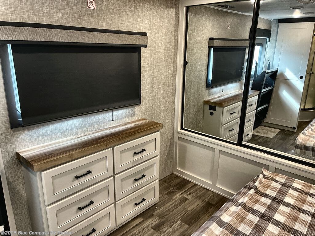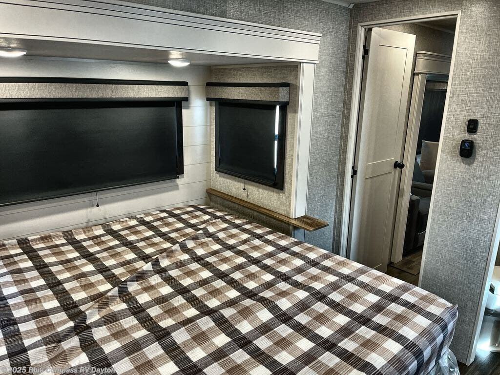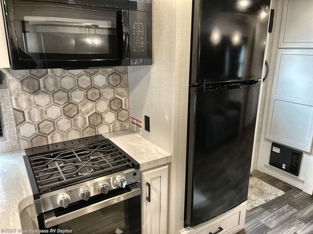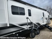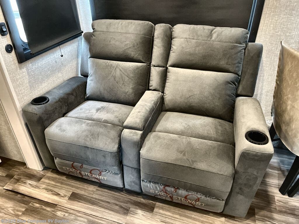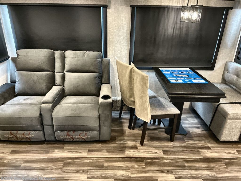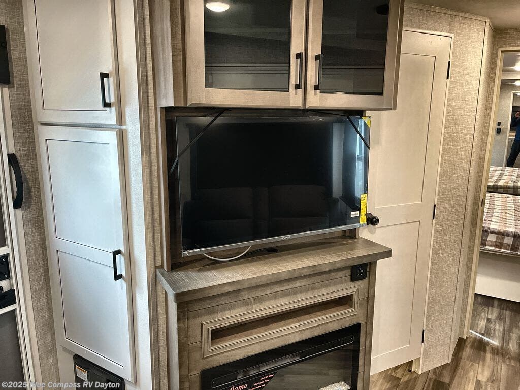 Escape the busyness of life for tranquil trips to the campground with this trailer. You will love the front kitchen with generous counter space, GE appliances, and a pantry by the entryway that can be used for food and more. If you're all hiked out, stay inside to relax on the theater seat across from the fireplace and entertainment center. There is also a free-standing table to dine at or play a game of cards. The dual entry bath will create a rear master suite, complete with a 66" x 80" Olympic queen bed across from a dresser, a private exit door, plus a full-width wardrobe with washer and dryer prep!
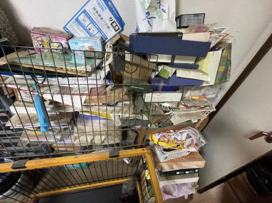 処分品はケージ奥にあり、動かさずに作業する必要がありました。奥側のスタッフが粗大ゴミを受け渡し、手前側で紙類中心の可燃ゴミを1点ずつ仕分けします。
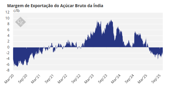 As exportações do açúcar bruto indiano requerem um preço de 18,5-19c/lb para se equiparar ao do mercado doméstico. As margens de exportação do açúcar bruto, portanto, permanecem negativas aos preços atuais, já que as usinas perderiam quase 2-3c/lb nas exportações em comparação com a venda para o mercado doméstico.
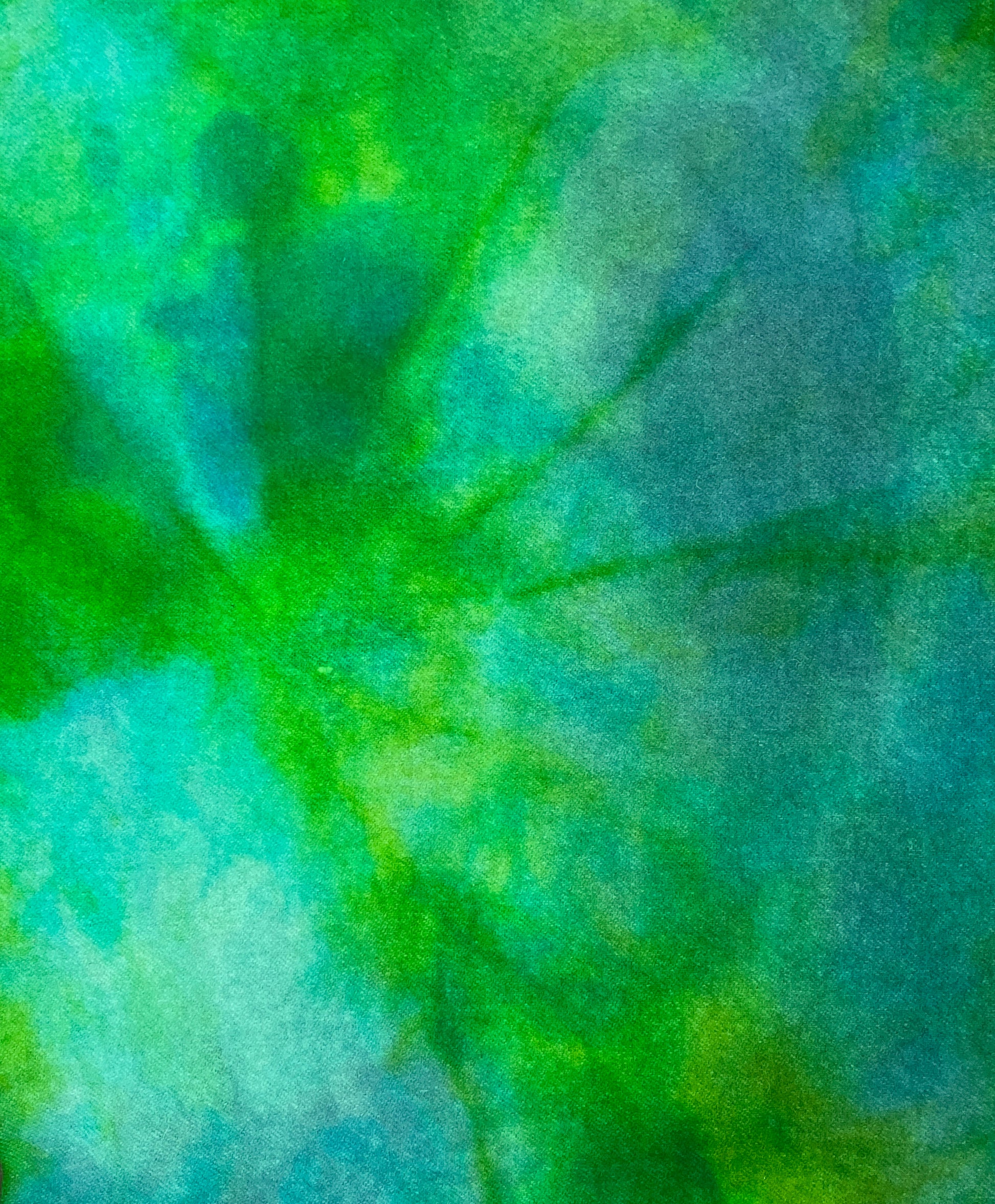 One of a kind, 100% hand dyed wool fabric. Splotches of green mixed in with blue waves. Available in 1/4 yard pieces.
◇ ◇ ◇ ◇
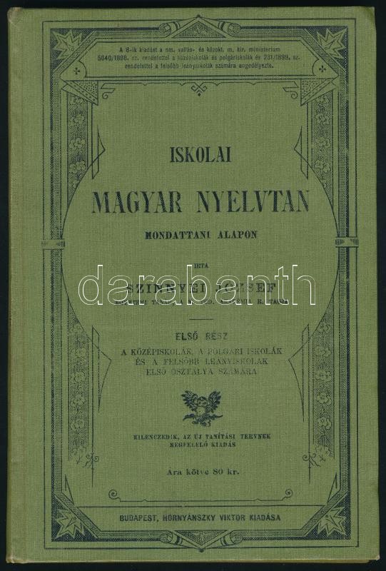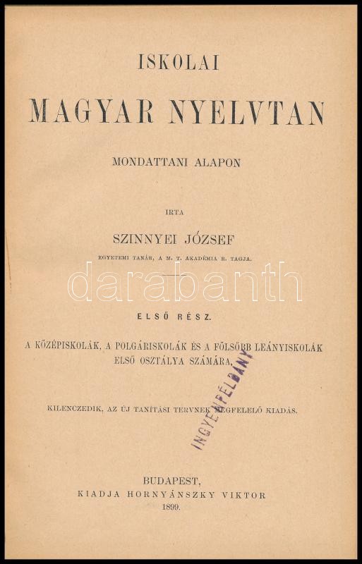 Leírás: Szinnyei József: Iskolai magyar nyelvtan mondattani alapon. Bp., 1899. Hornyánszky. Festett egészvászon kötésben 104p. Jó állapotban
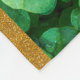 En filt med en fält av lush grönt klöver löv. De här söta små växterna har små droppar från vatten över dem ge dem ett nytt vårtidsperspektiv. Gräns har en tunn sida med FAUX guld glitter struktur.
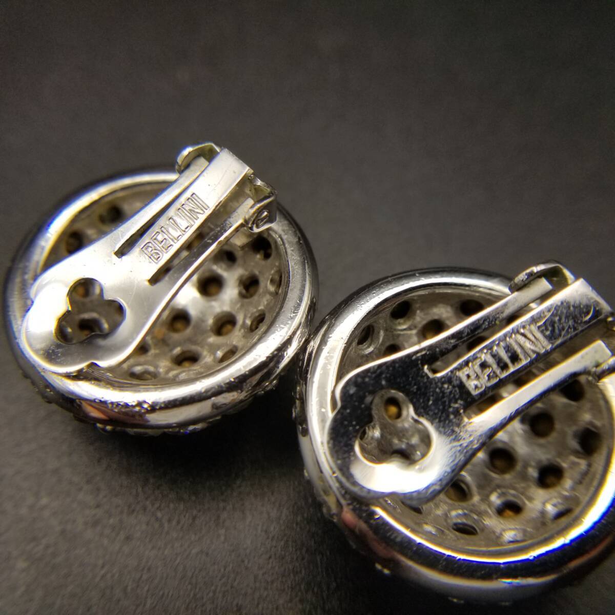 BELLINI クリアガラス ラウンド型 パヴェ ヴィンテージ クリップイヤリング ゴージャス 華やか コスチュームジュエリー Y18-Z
◇ ◇ ◇ ◇
» **What is required**
An exact copy of the lines above from the one with "Escape the busyness" up to and including the one with "処分品はケージ奥にあり、動か" is required; reproduce only those lines, omitting all pictures.

» **Solution below**
 Escape the busyness of life for tranquil trips to the campground with this trailer. You will love the front kitchen with generous counter space, GE appliances, and a pantry by the entryway that can be used for food and more. If you're all hiked out, stay inside to relax on the theater seat across from the fireplace and entertainment center. There is also a free-standing table to dine at or play a game of cards. The dual entry bath will create a rear master suite, complete with a 66" x 80" Olympic queen bed across from a dresser, a private exit door, plus a full-width wardrobe with washer and dryer prep!
 処分品はケージ奥にあり、動かさずに作業する必要がありました。奥側のスタッフが粗大ゴミを受け渡し、手前側で紙類中心の可燃ゴミを1点ずつ仕分けします。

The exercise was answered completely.